Kitty
Culinary Explorer
A very nice cake for any occasion


Ingredients:
- Apples: 3 large apples (such as Granny Smith or Honeycrisp)
- All-purpose flour: 1 cup (125g)
- Baking powder: 1 teaspoon
- Salt: 1/4 teaspoon
- Unsalted butter: 1/2 cup (115g), melted and cooled slightly
- Granulated sugar: 3/4 cup (150g)
- Vanilla extract: 1 teaspoon
- Eggs: 2 large
- Milk: 1/4 cup (60ml)
- Powdered sugar (optional): For dusting
Instructions:
- Preheat the oven and prepare the pan:
- Preheat your oven to 350°F (175°C). Grease a 9-inch (23cm) round cake pan and line the bottom with parchment paper for easy removal.
- Prepare the apples:
- Peel, core, and slice the apples into thin slices.

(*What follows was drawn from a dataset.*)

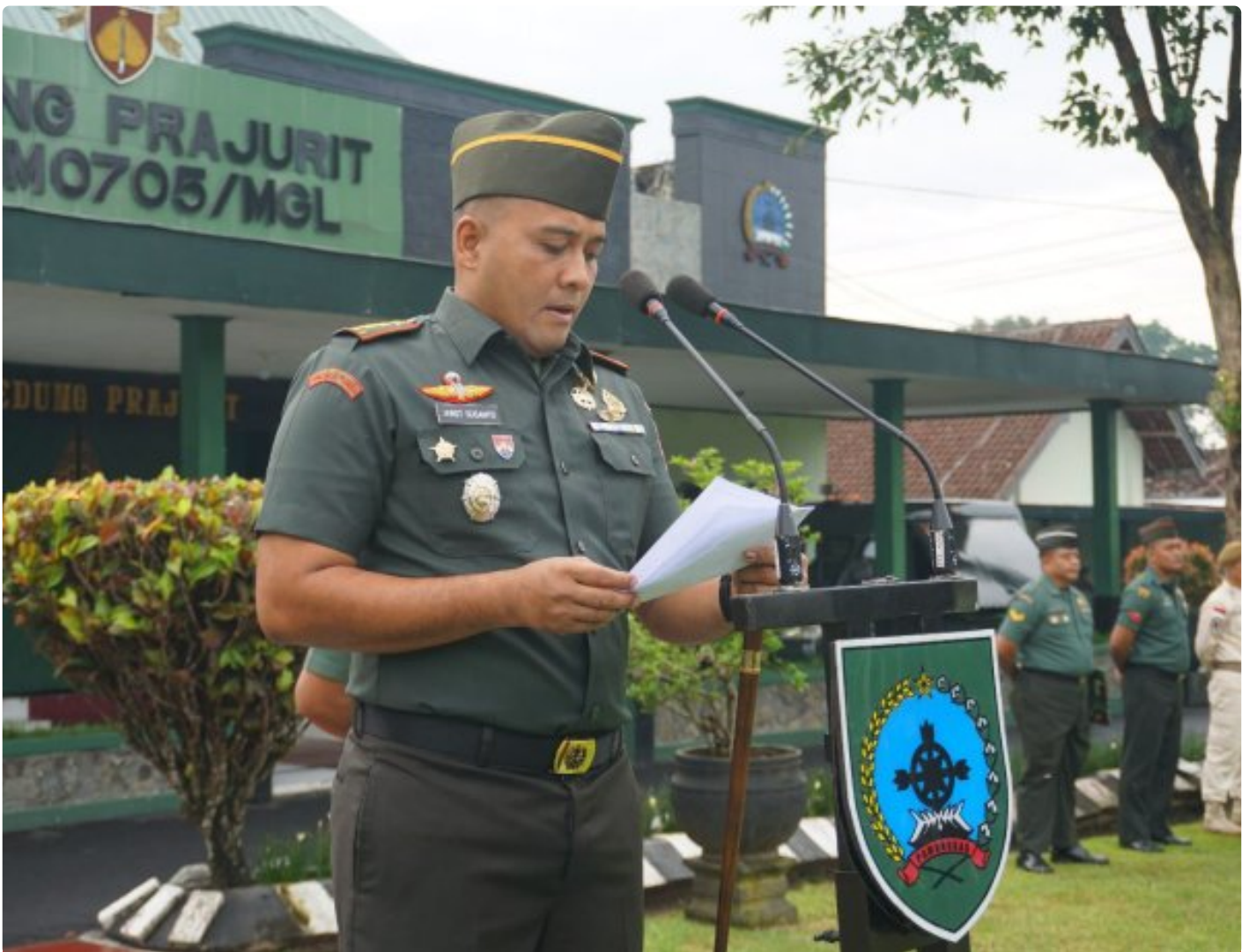
(Foto Dokumen) : Dandim Magelang saat membacakan amanat Pangdam IV/Diponegoro

MAGELANG - Kodim 0705/Magelang menggelar Upacara 17-an bertempat di

You can cut them into wedges or thin half-moons, as desired.
- Prepare the batter:
- In a medium bowl, whisk together the flour, baking powder, and salt until well combined.
- Mix wet ingredients:
- In a separate large bowl, whisk together the melted butter and granulated sugar until smooth and well combined.
- Add the vanilla extract and eggs, one at a time, whisking well after each addition.
- Combine dry and wet ingredients:
- Gradually add the flour mixture to the wet ingredients, alternating with the milk, beginning and ending with the flour mixture. Mix until just combined; do not overmix.
- Assemble the cake:
- Pour half of the batter into the prepared cake pan and spread it evenly.
- Arrange half of the apple slices over the batter in a single layer.
- Pour the remaining batter over the apples and spread it evenly.
- Arrange the remaining apple slices on top in a decorative pattern.
- Bake the cake:
- Bake in the preheated oven for 40-50 minutes, or until the cake is golden brown and a toothpick inserted into the center comes out clean.
- Cool and serve:
- Allow the cake to cool in the pan for about 10 minutes, then carefully remove it from the pan and transfer it to a wire rack to cool completely.
- Once cooled, dust the top with powdered sugar if desired.
- Serve:
- Slice and serve the French apple cake either warm or at room temperature. It pairs wonderfully with a dollop of whipped cream or a scoop of vanilla ice cream.